Наш водитель проявлял нервозность и досаду. Он не расставался с пачкой «Лаки страйк». Прикуривая очередную сигарету от предыдущей, он отпускал руль, причем нередко на поворотах, даже не думал сбрасывать скорость и быстро оторвался от основной кавалькады. Когда мы чудом избегали столкновений, он разражался свирепым хохотом. По-английски он говорил почти безупречно, с американским акцентом. Признался, что в пути курение заменяет ему еду и питье; в прошлом месяце он возил одного господина, немца, в Багдад и обратно, после чего приболел. Улыбался он разве что на перекрестках или на проселочных дорогах, когда перед нами выскакивал на проезжую часть какой-нибудь карапуз, чья мать отчаянно голосила вслед. В такие моменты водитель втапливал педаль газа и азартно подавался вперед. Когда ребенок уворачивался буквально из-под колес, шофер издавал огорченный присвист и с учтивой грустью возобновлял свои нескончаемые байки, мрачные, но корректные. У этого человека, по его собственному признанию, не было ни религиозных убеждений, ни дома, ни национальности. Его сиротское детство прошло в Нью-Йорке, под надзором Комитета помощи Ближнему Востоку[28]; наверняка утверждать он не мог, но предполагал, что родители его погибли от рук турок. Америка, сказал он, ему полюбилась: там народ богатый. После войны он пытался получить американское гражданство, но не тут-то было. У него начались серьезные неприятности из-за «бумажек»; я так и не понял, каких именно. Его отправили осваивать Палестину. В Палестине ему не понравилось: там богатых – раз-два и обчелся. Евреев он терпеть не мог за их нищету, а потому подался в магометанство. Ему полагалась дюжина жен, но он так и остался бобылем. Женщины требуют времени и денег. А он планировал разбогатеть, чтобы постоянно, до самой смерти переезжать с места на место. Глядишь, если он разбогатеет, ему и гражданство американское дадут. Но селиться в Америке он не собирается: просто в поездках хорошо представляться американцем – уважения больше. Да, его ведь и в Лондон как-то раз занесло: неплохой город, богачей полно. Как и Париж, между прочим: тоже городок приятный, да и богачей немало. Доволен ли он своей нынешней работой? «А к чему еще себя приложить в этой вонючей дыре? Одно название: Святая земля». Была у него и цель на ближайшее будущее: устроиться стюардом, только не на вонючее корыто, а на такое судно, как «Стелла поларис», где богачей полно.

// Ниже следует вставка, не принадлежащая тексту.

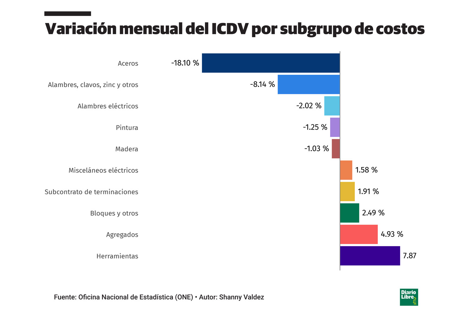 Los aceros (-18.10 %), alambres, clavos, zinc y otros (-8.14 %), alambres eléctricos (-2.02 %), pintura (-1.25 %) y madera (-1.03 %) fueron insumos que, por el contrario, mostraron reducciones en sus costos en noviembre.
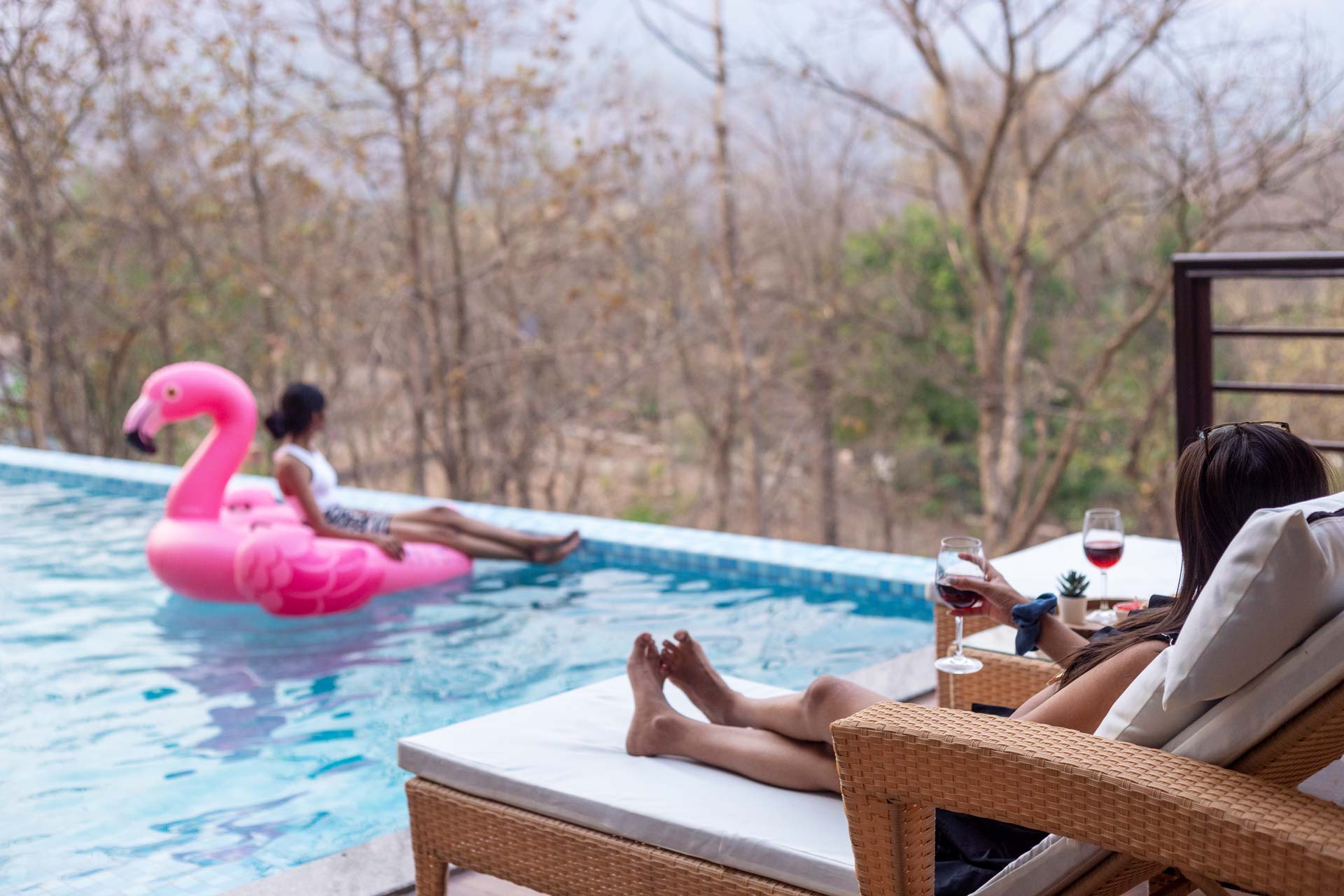 – Private outdoor swimming pool canopied by the verdurous fauna around
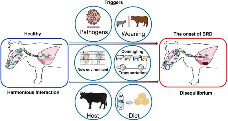 مقاومت آنتیبیوتیکی (AMR) در بیماریهای تنفسی دام، بهویژه گاو، گوسفند و بز، مشکل جهانی در دامپزشکی است که درمان عفونتهایی مانند پنومونی و بیماری تنفسی گاوی (BRD) را دشوار میکند. این بیماریها چندعاملی هستند و از تعامل پاتوژنهای باکتریایی مانند مانهایمیا همولیتیکا (Mannheimia haemolytica)، پاستورلا مولتوسیدا (Pasteurella multocida) و انتروباکتر هورمایکئی (Enterobacter hormaechei) با ویروسها و عوامل محیطی مانند حملونقل، تراکم بالا و تغییرات آبوهوایی ناشی میشوند. این عوامل سیستم ایمنی دام را تضعیف کرده و علائمی چون سرفه، تب، تنگی نفس و کاهش اشتها ایجاد میکنند. مقاومت آنتیبیوتیکی، بهویژه به بتالاکتامها و آمینوگلیکوزیدها، به دلیل استفاده نادرست آنتیبیوتیکها و عفونتهای مختلط شدت مییابد. برای درمان پنومونی گوسالهها، مصرف آنتیبیوتیکها رایج است اما ترکیبات گیاهی با اثرات ضدباکتریایی و ایمونومدولاتوری، و سینبیوتیکها با تغییر میکروبیوم تنفسی، به کاهش مصرف آنتی بیوتیک ها کمک میکنند. این بیماریها تولید شیر، وزن و عملکرد دام را کاهش داده و هزینههای اقتصادی سنگینی تحمیل میکنند. پیشگیری شامل تقویت سیستم ایمنی، بهبود تهویه، تغذیه متعادل و آزمایش حساسیت است تا درمان هدفمند انجام شود.
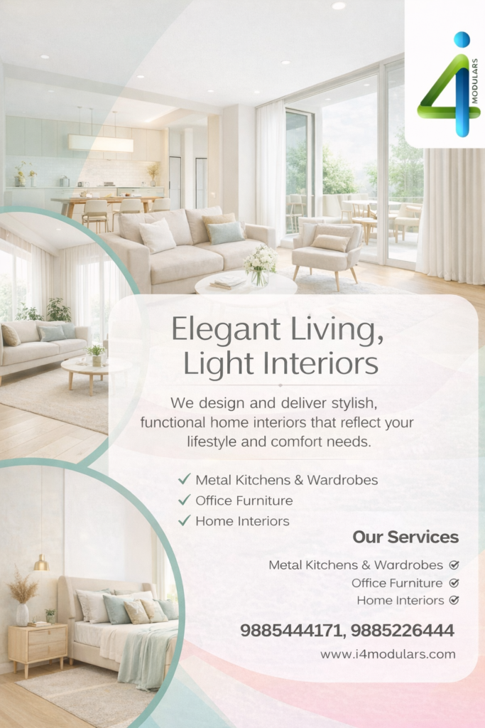 If you are planning to upgrade your cooking space, trust I4 Modulars interior designers for reliable and stylish rust free metal kitchen solutions. Call 91-9885444171 or 9885226444 today to design a durable, hygienic, and modern kitchen that enhances your home’s functionality and elegance
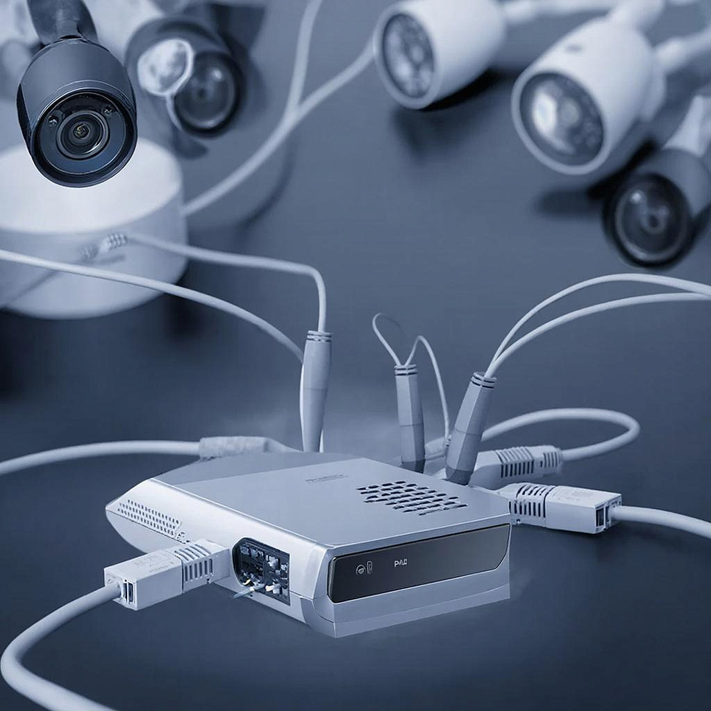Если вы ищете самый бюджетный вариант, посмотрите направление систем видеонаблюдения. Среди предложений вы найдёте 2‑ и 4‑канальные регистраторы с PoE‑портами
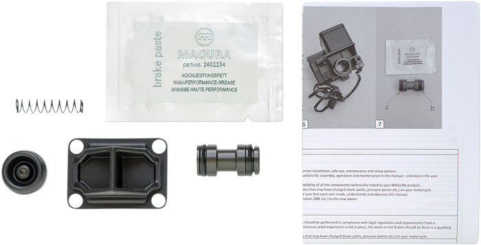 Everything necessary for a complete master cylinder overhaul. Kit includes piston with seals and spring, piston bellows, container bellows, sealing ring for piston mounting screw and silicone brake paste.

Мы приехали в Кану Галилейскую, где маленькая девочка торговала вином в кувшинах. Кувшины были подлинные, времен таинства превращения воды в вино. Для кого они слишком велики, тому она вызывалась живо принести из дома поменьше; ясное дело, такие же подлинные. Дальше мы направились в Тиберию, рыбацкий городок с кубиками домов на берегу Галилейского моря[29]. Там находились руины какой-то крепости, а также горячие минеральные источники, питавшие белые, увенчанные куполом общественные бани. Туда нас и повели. Во внутреннем дворе проходило нечто вроде пикника; арабская семья, сидя прямо на земле, подкреплялась лепешками и изюмом. В банях было темно; нагие купальщики возлежали в клубах пара, не замечая нашего вторжения. Обедали мы в Назарете – в отеле, который держали немцы: нам подали омлет, рубленые бифштексы, свинину и весьма посредственное вино под названием «Золото Яффы». За время обеда дождь прекратился. Мы отправились на экскурсию по святым местам. Нам показали пещеры: в одной произошло Благовещение, в другой некогда находилась мастерская Иосифа. Врата отворял для нас жизнерадостный рыжебородый монах-ирландец. Он, как и мы, скептически относился к пещерным предпочтениям Святого семейства.

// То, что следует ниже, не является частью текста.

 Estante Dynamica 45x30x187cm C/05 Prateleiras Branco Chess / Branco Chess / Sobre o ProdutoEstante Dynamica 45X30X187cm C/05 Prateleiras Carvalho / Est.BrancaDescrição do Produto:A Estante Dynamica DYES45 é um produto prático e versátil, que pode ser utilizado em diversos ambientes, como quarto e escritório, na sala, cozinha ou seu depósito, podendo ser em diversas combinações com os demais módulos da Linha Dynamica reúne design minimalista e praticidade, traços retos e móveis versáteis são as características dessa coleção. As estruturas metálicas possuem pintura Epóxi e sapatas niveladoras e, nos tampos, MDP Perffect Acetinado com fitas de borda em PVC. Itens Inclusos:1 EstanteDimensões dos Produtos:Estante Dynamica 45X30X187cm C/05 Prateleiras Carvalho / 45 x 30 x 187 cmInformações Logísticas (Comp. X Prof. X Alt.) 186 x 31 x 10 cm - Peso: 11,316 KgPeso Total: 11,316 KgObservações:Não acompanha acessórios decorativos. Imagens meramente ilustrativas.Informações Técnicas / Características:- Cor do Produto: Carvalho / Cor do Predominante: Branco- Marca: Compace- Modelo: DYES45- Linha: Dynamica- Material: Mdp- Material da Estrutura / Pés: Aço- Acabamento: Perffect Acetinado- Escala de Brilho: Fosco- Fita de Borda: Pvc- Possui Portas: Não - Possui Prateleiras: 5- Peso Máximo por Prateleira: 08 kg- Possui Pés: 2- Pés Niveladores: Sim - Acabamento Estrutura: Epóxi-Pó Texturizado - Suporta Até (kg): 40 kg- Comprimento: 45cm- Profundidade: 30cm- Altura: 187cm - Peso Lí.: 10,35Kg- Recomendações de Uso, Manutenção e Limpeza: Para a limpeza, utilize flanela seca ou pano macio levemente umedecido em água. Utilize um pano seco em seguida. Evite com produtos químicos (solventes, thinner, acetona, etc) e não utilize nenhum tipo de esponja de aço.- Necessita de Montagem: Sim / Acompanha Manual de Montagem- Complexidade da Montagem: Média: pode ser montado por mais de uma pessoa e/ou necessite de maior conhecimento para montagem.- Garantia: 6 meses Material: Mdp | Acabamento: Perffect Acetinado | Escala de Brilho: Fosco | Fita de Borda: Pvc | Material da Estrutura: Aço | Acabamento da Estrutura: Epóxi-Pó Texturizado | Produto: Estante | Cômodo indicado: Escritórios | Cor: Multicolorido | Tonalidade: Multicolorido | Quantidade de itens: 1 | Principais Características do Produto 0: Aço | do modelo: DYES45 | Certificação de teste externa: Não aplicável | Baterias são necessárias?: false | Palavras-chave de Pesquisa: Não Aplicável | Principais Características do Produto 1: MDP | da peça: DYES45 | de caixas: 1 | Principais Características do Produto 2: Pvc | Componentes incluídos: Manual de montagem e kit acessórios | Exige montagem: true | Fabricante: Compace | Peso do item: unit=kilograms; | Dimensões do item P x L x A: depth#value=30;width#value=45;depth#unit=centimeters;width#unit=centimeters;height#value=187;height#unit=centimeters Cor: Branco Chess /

Реакция моих попутчиков была весьма любопытной. Этот здравомыслящий клирик вызывал у них раздражение. В роли сопровождающего они ожидали увидеть человека средневекового склада: очень богобоязненного и легковерного, к которому можно относиться со скрытой насмешкой. На деле же объектом насмешки – причем со стороны Церкви – сделались мы сами. Это ведь не кто-нибудь, а мы проехали двадцать четыре мили, чтобы только опустить свою лепту в сундучок для сбора пожертвований, и таким суеверием вызвали у него легкую иронию.

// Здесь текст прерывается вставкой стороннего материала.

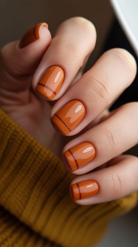 For those who prefer a more understated look, minimalist lines can add a sophisticated touch to short nails. Choose a neutral base and add thin lines in black, gold, or white for a sleek, modern design. This style is versatile and pairs well with any fall outfit.
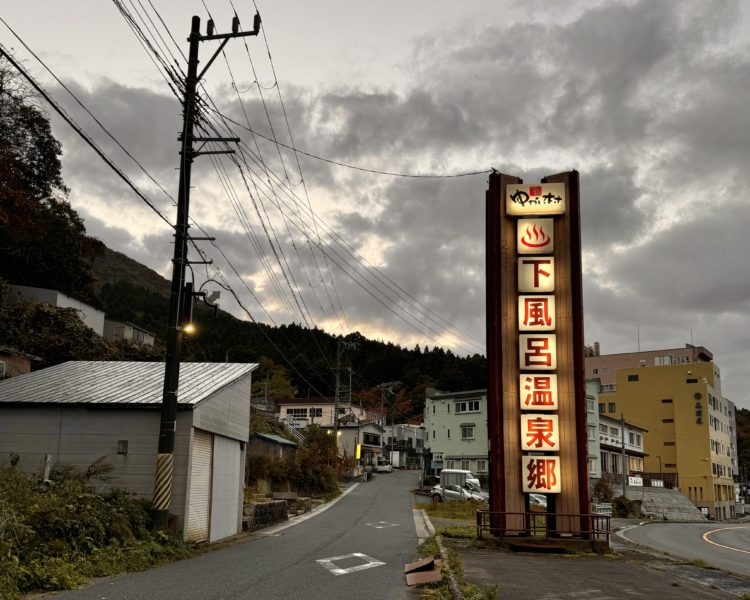 下風呂温泉郷の看板に灯りがともってエモいです!
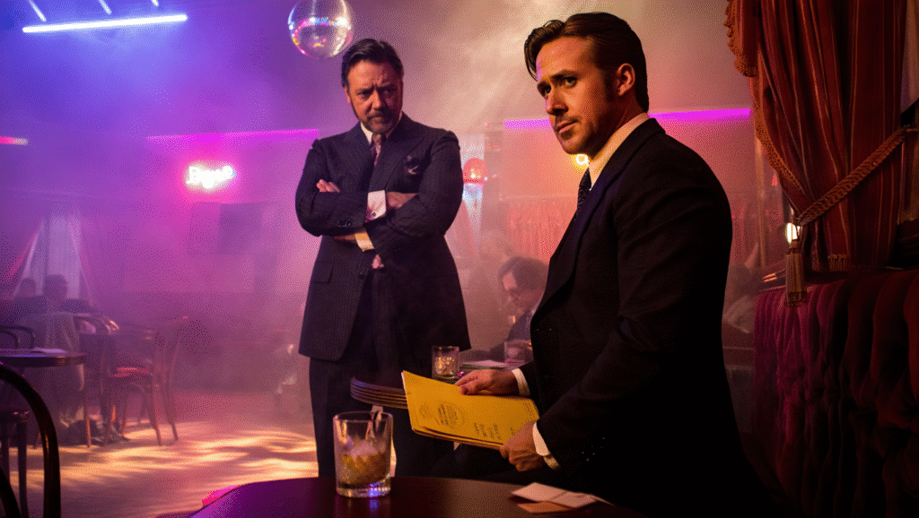 Tonally, the film doubles down on the blend of noir grit and slapstick comedy that made the first one so distinctive. Neon-lit bars, smoky backrooms, and corrupt boardrooms provide the backdrop, but the mood is constantly undercut by March’s haplessness and Healy’s exasperation. It’s a love letter to pulp detective stories wrapped in comedy’s warm embrace.

У стен церкви предлагался ходкий товар: пресс-папье из оливкового дерева. К нашим ногам бросались мальчишки – чистильщики обуви. Монахиня продавала вырезанные из бумаги кружевные салфетки. Навязывала свои услуги старуха-гадалка. Пробиваясь сквозь толпу назаретян, мы возвращались к автомобилям. Наш водитель курил в одиночестве. Эта шоферня, бросил он, сплошь невежды и дурачье. С ними трепаться – только зря время убивать. Он издевательски обвел глазами купленные нами сувениры.

– Все это не представляет никакого интереса, – заявил он, – абсолютно никакого. Но коль скоро у вас возникло желание их приобрести, надо было обратиться ко мне. Я бы сторговал вам их в десять раз дешевле.

С оглушительным криком он схватил гаечный ключ и прошелся по пальцам какого-то старика, пытавшегося всучить нам мухобойку. Наша поездка продолжилась. По склонам холмов пестрели златоцветники, анемоны, цикламены. Мы попросили водителя сделать остановку, и я вышел, чтобы нарвать цветов для Джулиет.

– Да вы их не довезете, они по дороге сдохнут, – сказал водитель.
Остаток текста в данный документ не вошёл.